Duralan comes with detailed instructions from the manufacturer. The regimen for using the medication cannot be changed. Additionally, the instructions contain information about the composition of the gel for injection, features of its pharmacological properties and the mechanism of action on joints.

The manufacturer indicates specific pathologies for which the use of the medication is strictly prohibited. Separate paragraphs describe possible side effects and consequences of ignoring instruction warnings.

pharmachologic effect

The effectiveness of Duralan in restoring joint mobility is due to the presence of hyaluronic acid in the drug. This substance is part of all tissues of the body.


The properties of Duralan are based on the action of hyaluronic acid

Its maximum concentration is found in the skin and synovial fluid. The hyaluronic acid contained in Duralan is preliminarily biosynthetically processed. The distribution of the drug in the joint tissue is carried out in a way identical to natural metabolism.

Pharmacological properties:

  • increasing the range of motion of the damaged joint;
  • improving the patient’s quality of life with joint diseases;
  • long-term elimination of pain;
  • restoration of the mobile function of the diseased joint;
  • normalization of the properties of synovial fluid and improvement of its viscosity;
  • restoration of some impaired functions of articular tissue.

Release form and composition

Duralan is available in the form of a solution for intra-articular injection. The drug is a sterile implant in the form of a gel placed in a special syringe with a volume of 3 ml. Additionally, the medicine is packaged in a cardboard box. .

Duralan must be accompanied by instructions from the manufacturer. Some items are duplicated on the packaging. The drug contains two components - stabilized hyaluronic acid and sodium chloride solution as an excipient.

Video: “What you need to know about hyaluronic acid?”

Indications for use

The main indications for using Duralan injections are pain in the knee or hip joints. The stage of development of the disease does not matter.

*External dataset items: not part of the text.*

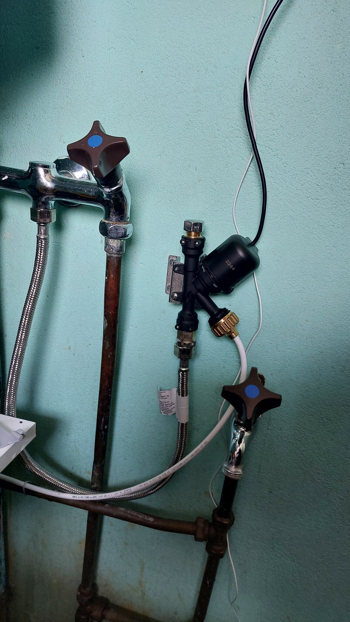 Lossa gamla vattenrör till tvättställsblandare samt inkoppling.
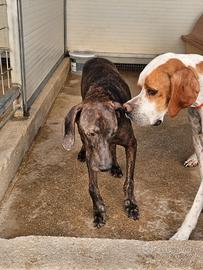 Michele è un bracchetto di circa 3 anni, taglia media per 18 kg di peso. È stato trovato recentemente per strada senza microchip e, spaventatissimo, non volevamo che finisse chiuso in un canile, così lo abbiamo accolto nel nostro rifugio di volontarie. Non conosciamo la sua storia ma deve avere vissuto l'inferno....Michele vive nel suo mondo di paura, è molto diffidente e timosoroso, tanto che se ne sta tutto il giorno fermo nel suo box, dal quale guarda gli altri cani che giocano e corrono, che interagiscono tra di loro socializzando.... ciò nonostante è un cane dolcissimo e gentile: quando una volontaria lo accarezza o un altro cane gli si avvicina, lui sembra apprezzare le attenzioni e le accoglie senza reagire con aggressività, bensì con tenerezza e dolcezza. È un cane che ha bisogno di tanto amore, tempo e pazienza, di una famiglia amorevole che lo accolga desiderosa di riportarlo alla vita e a fargli scoprire quanto è bello essere amati e coccolati. Michele è microchippato, vaccinato e castrato:la sua è una adozione del cuore perché è purtroppo positivo alla leishmania, ma con le cure adeguate può condurre una vita normale come tutti gli altri cani. Aiutateci a renderlo finalmente felice con una bella adozione: Michele raggiunge tutto il centro e nord tramite staffetta autorizzata e previo iter conoscitivo con l'adottante.
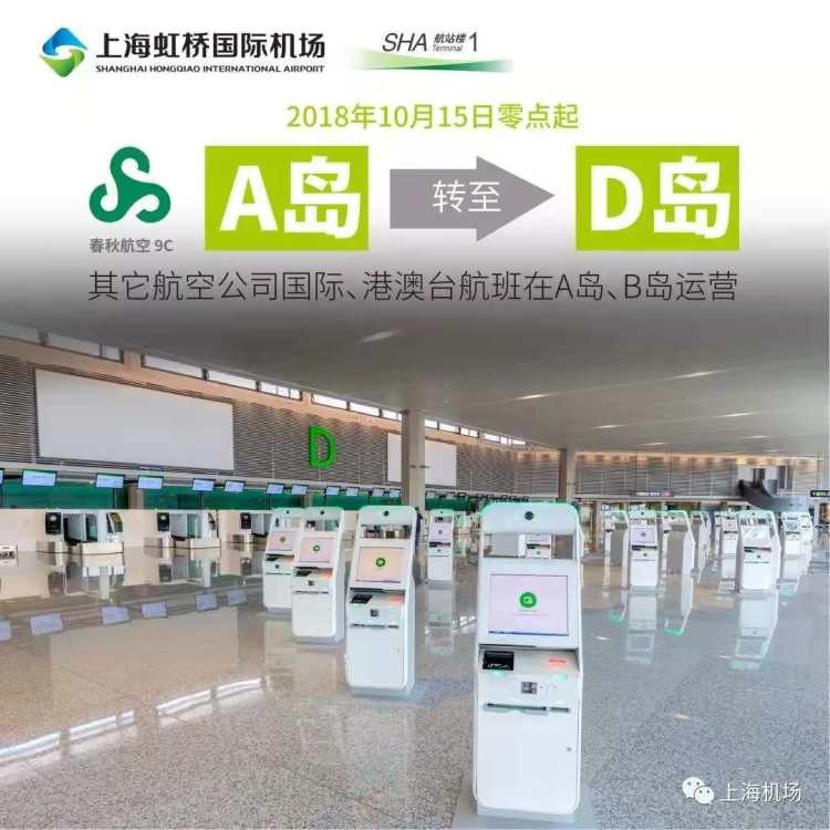 当天零点起,春秋航空航班将从1号航站楼A岛转至D岛运营,其它航空公司国际、港澳台航班在A岛、B岛运营。
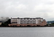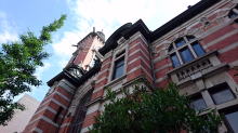 日産工場のお隣にあるこの宮殿のような建物は?ごみ焼却場なのだそうです。日本一美しいごみ処理場。 |
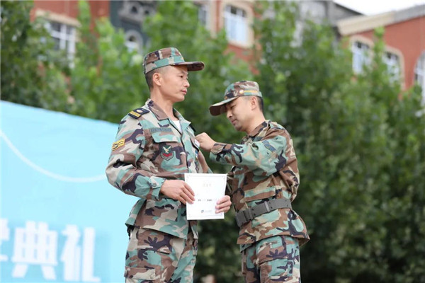 青岛航空科技职业学院2021级新生军训总教官刘克刚先生任命严天钰担任青岛航空科技职业学院2021级新生军训主训教官,随后严天钰任命指导教官、实习教官并授予臂章。
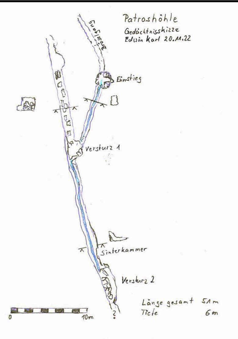 Bei 2 Befahrungen der Patroshöhle wurde der nach Norden führende

The neglect of the pathology affects only the frequency of procedures and the duration of time intervals between injections. Additionally, the list of indications for prescribing the drug includes the treatment of intervertebral, elbow, temporomandibular, ankle, shoulder, wrist and finger joints.

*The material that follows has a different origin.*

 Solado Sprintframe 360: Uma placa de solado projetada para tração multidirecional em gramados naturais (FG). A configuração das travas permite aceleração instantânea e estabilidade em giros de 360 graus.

The gel is injected directly into the joint to relieve pain and acts as a temporary implant.

Indications for prescribing the drug:

  • osteoarthritis of mild to moderate severity (if localized in the hip or knee joints);
  • the need for pain relief after arthroscopy;
  • degenerative and dystrophic lesions of joints (finger, shoulder, intervertebral, etc.);
  • surgical intervention in the knee and hip joints (to improve the patient’s quality of life).

Directions for use and dosage

It is not recommended to use Duralan on your own. Before the injection procedure, it is necessary to prepare the patient and disinfect the injection site.

Access to the joint cavity must be designed in such a way that damage to nearby structures is excluded. If there is effusion in the joint cavity, it must be removed. Carrying out such a procedure at home is difficult (special skills are required).

Application diagram:

  • the contents of one syringe should be injected into the cavity of one joint (air must be excluded from entering the syringe);
  • if several injections are performed into different joints, then a separate syringe is used for each procedure;
  • injections can be repeated no earlier than six months after the previous procedure;
  • the standard dosage is 3 ml, but when the drug is administered into the temporomandibular, finger, ankle, elbow and intervertebral joints, the amount of gel is reduced (to 1 or 2 ml).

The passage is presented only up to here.